Histopathology shows large anaplastic cells with hyperchromatic nuclei and foamy cytoplasm due to lipid vacuoles, which is classical of sebaceous carcinoma. The cells stain positive for lipid such as oil red O stain. Another characteristic feature is the spread of the tumour as infiltrating nests, cords or lobules as well as spread superficially within the epithelium. Sebaceous gland carcinoma is invasive when there is hyperexpression of p53 on molecular biology.

The tumour can metastasize by either direct, lymphatic, or haematogenous spread. The most common sites of metastasis are orbit, preauricular and submandibular lymph nodes and parotid gland. It masquerades as a benign condition and therefore there is a delay in diagnosis, and this causes increased morbidity and mortality rates [9]. The literature reported a mortality of about 6% [6].

Various treatment modalities are available depending on the stage of presentation of the tumour. Mainstay is surgical excision with or without neck dissection and orbital exentration in advanced disease. Radical surgical excision with a 4mm tumour free margin is the treatment of choice. Moh’s micrographic surgery is a more effective method of treatment. Approximately, 30% of SGCs recur after resection [10,11]. There is a high rate of metastasis (41%) [3,6].

Full-thickness loss of the eyelid require the reconstruction of the anterior lamella which is made of skin, subcutaneous tissue, orbicularis muscle and the posterior lamella containing the tarsal plates and palpebral conjunctiva [12,13]. The lower tarsus is a dense conjunctive structure which gives rigidity and stability to the eyelid [13], and containing the meibomian glands, which secrete a sebaceous material needed for lubricating the cornea [12,14].

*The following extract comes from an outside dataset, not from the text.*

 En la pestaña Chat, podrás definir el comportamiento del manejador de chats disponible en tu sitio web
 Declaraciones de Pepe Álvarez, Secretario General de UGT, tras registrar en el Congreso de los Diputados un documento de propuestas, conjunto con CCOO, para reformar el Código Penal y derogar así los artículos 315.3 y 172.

Tumours invading the tarsal plate cause full thickness defects of the eyelid. Defects of up to one-third of the total length of the lower eyelid are capable of being closed primarily. Larger tumours require surgical reconstruction through the preparation of flaps and with or without grafts [15,16]. There are many options to reconstruct the posterior lamella such as jugal mucosa grafts, mucosal grafts from the hard palate [17,18], chondro-mucosal grafts from the nasal septum [18]. The presence of a free tissue graft in the posterior lamella requires a vascularised flap for the anterior lamella.

The nasolabial flaps are very useful and versatile local flap with robust vascularity that can be readily elevated as a superior, inferior, medial and lateral flaps without any delay due to rich sub dermal plexus first described by Sushruta in 600 BC [19]. The flap is aesthetically better as the scar is concealed in the nasolabial groove. Superiorly based nasolabial flaps are used to reconstruct defects of lower part of the nose, lower eyelid, and the cheek. The advantages of using the nasolabial flap is that it has a good vascularity, quick with simple technique, excellent colour and texture match and the use of hairless skin. The disadvantage of the superiorly based nasolabial flap is the trapdoor or pincushion effect caused by scar contracture, loss and asymmetry of the nasolabial sulcus.

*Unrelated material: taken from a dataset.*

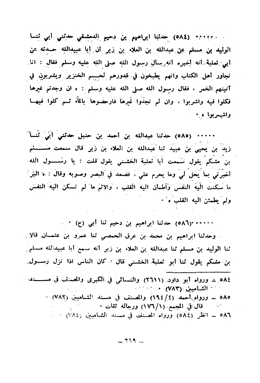 585 - حَدَّثَنَا عَبْدُ اللهِ بْنُ أَحْمَدَ بْنِ حَنْبَلٍ، حَدَّثَنِي أَبِي، ثنا زَيْدُ بْنُ يَحْيَى بْنِ عُبَيْدٍ، ثنا عَبْدُ اللهِ بْنُ الْعَلَاءِ بْنِ زَبْرٍ، قَالَ: سَمِعْتُ مُسْلِمَ بْنَ مِشْكَمٍ، يَقُولُ: سَمِعْتُ أَبَا ثَعْلَبَةَ الْخُشَنِيَّ، يَقُولُ: قُلْتُ: يَا رَسُولَ اللهِ، أَخْبِرْنِي بِمَا يَحِلُّ لِي وَمَا يَحْرُمُ عَلَيَّ فَصَعَّدَ فِيَّ الْبَصَرَ وَصَوَّبَهُ، وَقَالَ: «§الْبِرُّ مَا سَكَنَتْ إِلَيْهِ النَّفْسُ وَاطْمَأَنَّ إِلَيْهِ الْقَلْبُ وَالْإِثْمُ مَا لَمْ تَسْكُنْ إِلَيْهِ النَّفْسُ وَلَمْ يَطْمَئِنْ إِلَيْهِ الْقَلْبُ»

Local nodal disease without distant metastasis is treated by radical neck dissection [6]. Topical mitomycin C [20], cryotherapy and proton electron irradiation has been tried for sebaceous gland carcinoma of the eyelid but with poor results [11,21]. Radiotherapy has been tried as a primary form of therapy with variable results [6,21,22]. Radiation is advised for poor surgical candidates due to advanced age or disease, for palliation, and in patients who refuse exenteration for advanced local disease.

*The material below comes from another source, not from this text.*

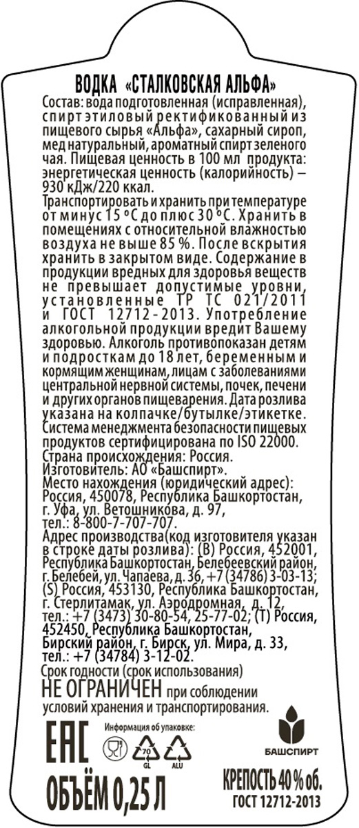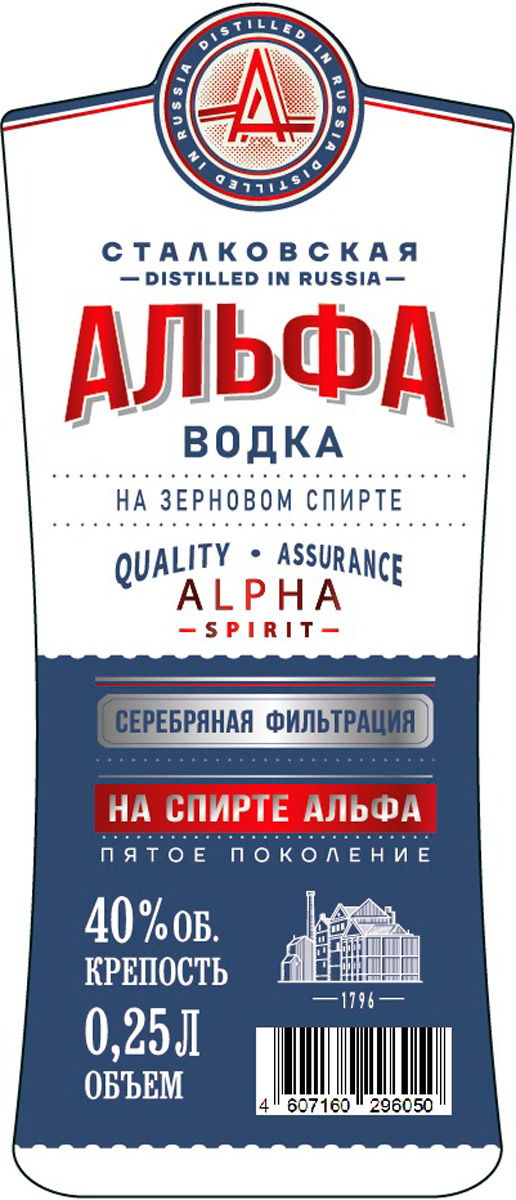 Водка «Сталковская Альфа» изготовлена из высококачественного спирта нового поколения «Альфа», на основе чистейшей, прошедшей многоступенчатую очистку воды, с сочетанием сырья высочайшего качества и современных технологий производства, включающих серебряную фильтрацию, придающей напитку кристально чистый вкус. Спирт последнего поколения «Альфа» принципиально отличается от существующих спиртов ужесточенными требованиями к содержанию метилового спирта (не более 0,003%).

The overall mortality rate is 6–11% because of delay in the diagnosis and treatment. The mortality from metastasis may go up to 30%. Involvement of upper or both eyelids and tumour size of more than 10 mm, duration of symptoms more than 6 months (mortality 35%), poorly differentiated and anaplastic tumours, haematogenous and lymphatic spread, orbital extension, multicentricity and pagetoid spread are poor prognostic factors. Tumours less than 6mm and those arising from glands of Zeis are more favourable.

Conclusion

Sebaceous gland carcinoma is a rare tumour which masquerades as benign ocular conditions and hence requires the clinician to identify the tumour and institute early surgical therapy due to the aggressive nature of the tumour.